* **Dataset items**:
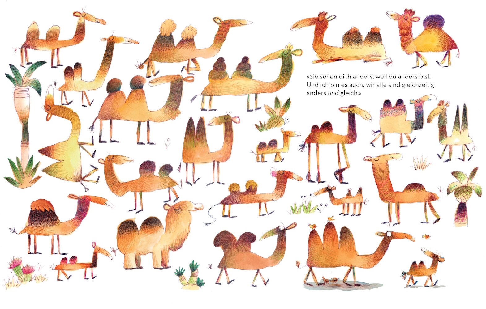Es gibt viele Kamele in der Wüste, aber nur einen Alberto! Ein Höcker, zwei Höcker. Ups! Drei Höcker? Na und? Alberto ist trotzdem ein Kamel. Doch die anderen Kamele sehen das anders. Sie finden, dass Alberto anders ist. Aber das sieht Alberto anders. Genau w...
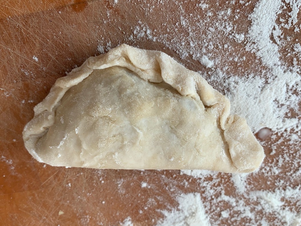 Pick up two opposite edges of the circle and fold them together; then squeeze together all the way round the semicircle. You want to get all the air out and distribute the filling nicely while being sure that the dough doesn’t tear and the filling doesn’t leak out of the edge.
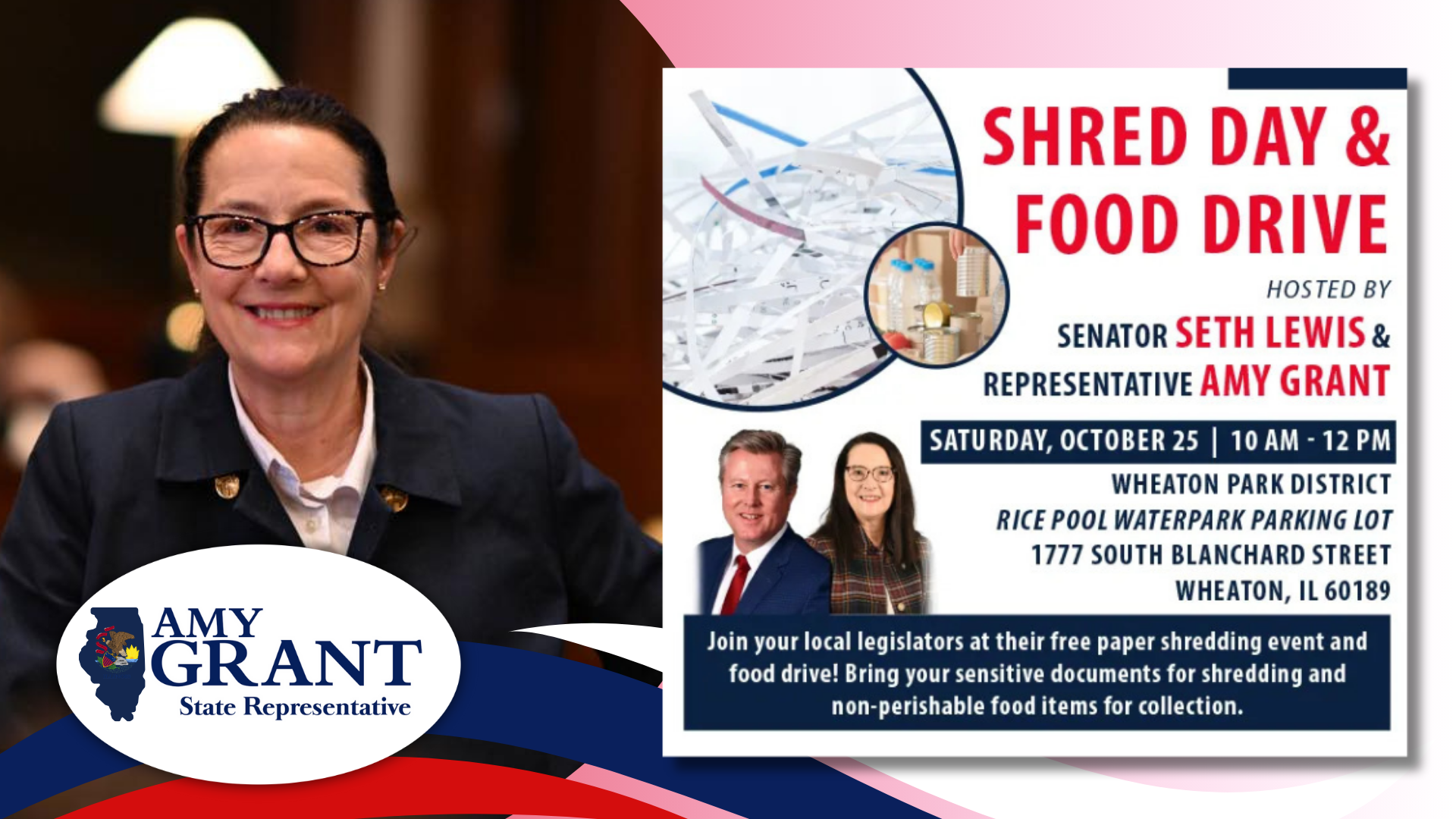 WHEATON, IL – State Representative Amy Grant (R-Wheaton) and State Senator Seth Lewis (R-Bartlett) are partnering to host a FREE Community Shred Event and Food Drive on Saturday, October 25th,…
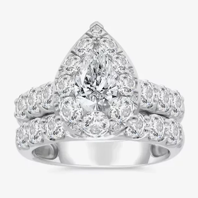 Signature By Modern Bride (G-H / Si1-Si2) Womens 1 1/3 CT. T.W. Lab Grown White Diamond 10K Gold Pear Side Stone Halo Bridal Set
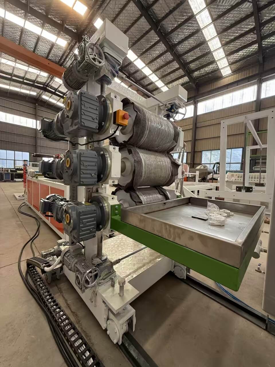 TPU/PE/PP/PS-300 Wide Sheet Extrusion Line er designet til behandling af pellets eller knuste blandinger af TPU, PE, PP og PS. Med en produktionskapacitet på **60-100 kg/t** omfatter linjen komponenter fra førende mærker som Siemens og Omron. Den har en 0,8-3 mm pladematrice, tre-valskalender og opviklingsmaskine, hvilket sikrer højkvalitets output. Udstyret opfylder strenge kvalitetsstandarder og inkluderer omfattende teknisk dokumentation for nem betjening og vedligeholdelse.
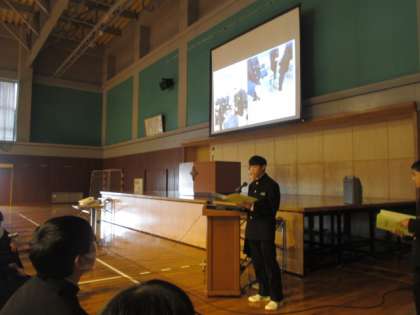 12月24日(金)生徒会からの連絡 公開日 2021/12/24 更新日 2021/12/24 学校生活 生徒会執行部から2学期の活動について報告がありました。活動の取組の様子やアンケート結果を丁寧に発表していました。
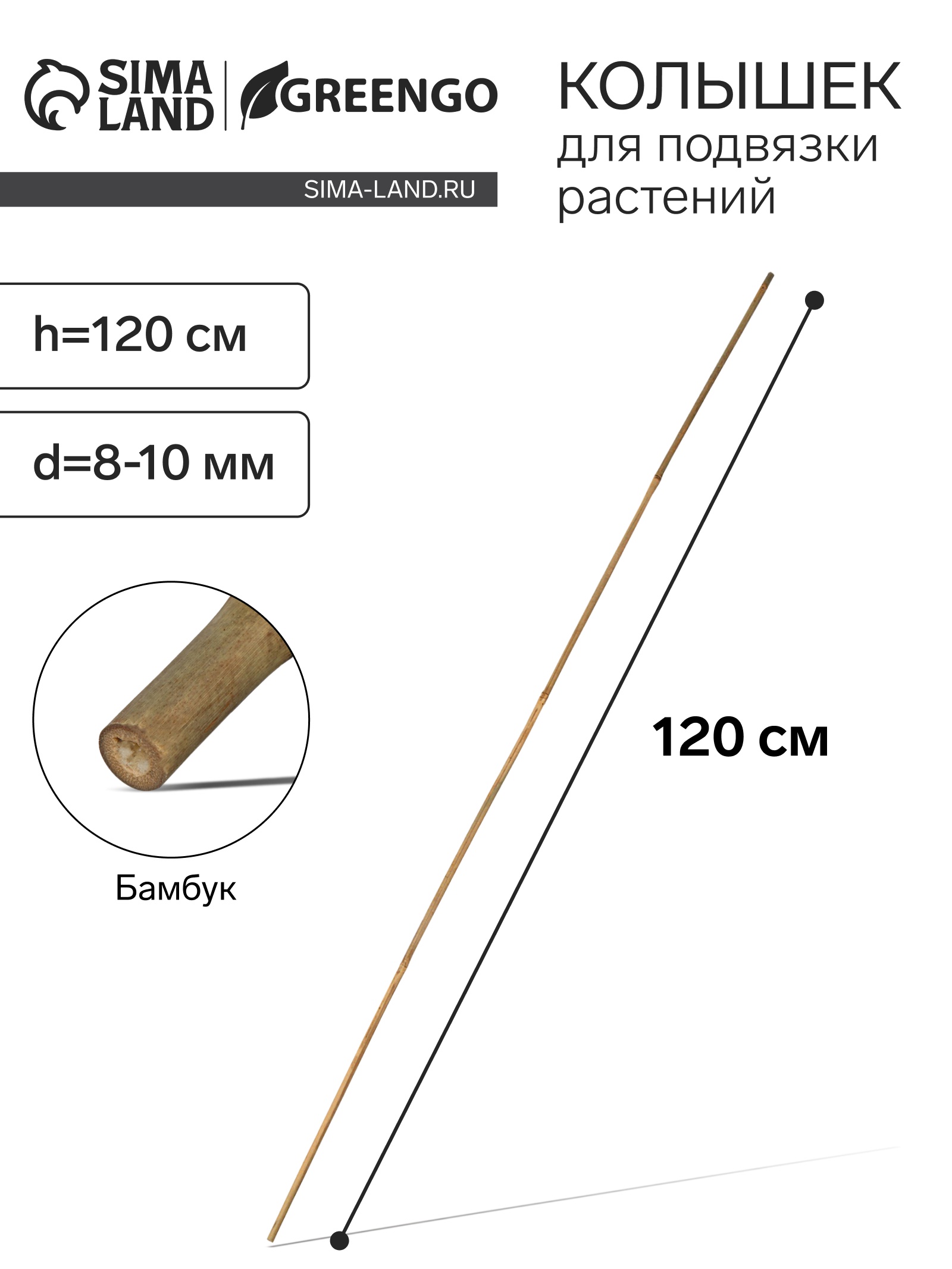 Колышек для подвязки растений, H=120 см, D=8-10 мм, бамбук, Greengo

* **AIM OF THE EXERCISE**: With images omitted, retype the data word for word.

* **TASK RESULT**:
Es gibt viele Kamele in der Wüste, aber nur einen Alberto! Ein Höcker, zwei Höcker. Ups! Drei Höcker? Na und? Alberto ist trotzdem ein Kamel. Doch die anderen Kamele sehen das anders. Sie finden, dass Alberto anders ist. Aber das sieht Alberto anders. Genau w...
 Pick up two opposite edges of the circle and fold them together; then squeeze together all the way round the semicircle. You want to get all the air out and distribute the filling nicely while being sure that the dough doesn’t tear and the filling doesn’t leak out of the edge.
 WHEATON, IL – State Representative Amy Grant (R-Wheaton) and State Senator Seth Lewis (R-Bartlett) are partnering to host a FREE Community Shred Event and Food Drive on Saturday, October 25th,…
 Signature By Modern Bride (G-H / Si1-Si2) Womens 1 1/3 CT. T.W. Lab Grown White Diamond 10K Gold Pear Side Stone Halo Bridal Set
 TPU/PE/PP/PS-300 Wide Sheet Extrusion Line er designet til behandling af pellets eller knuste blandinger af TPU, PE, PP og PS. Med en produktionskapacitet på **60-100 kg/t** omfatter linjen komponenter fra førende mærker som Siemens og Omron. Den har en 0,8-3 mm pladematrice, tre-valskalender og opviklingsmaskine, hvilket sikrer højkvalitets output. Udstyret opfylder strenge kvalitetsstandarder og inkluderer omfattende teknisk dokumentation for nem betjening og vedligeholdelse.
 12月24日(金)生徒会からの連絡 公開日 2021/12/24 更新日 2021/12/24 学校生活 生徒会執行部から2学期の活動について報告がありました。活動の取組の様子やアンケート結果を丁寧に発表していました。
 Колышек для подвязки растений, H=120 см, D=8-10 мм, бамбук, Greengo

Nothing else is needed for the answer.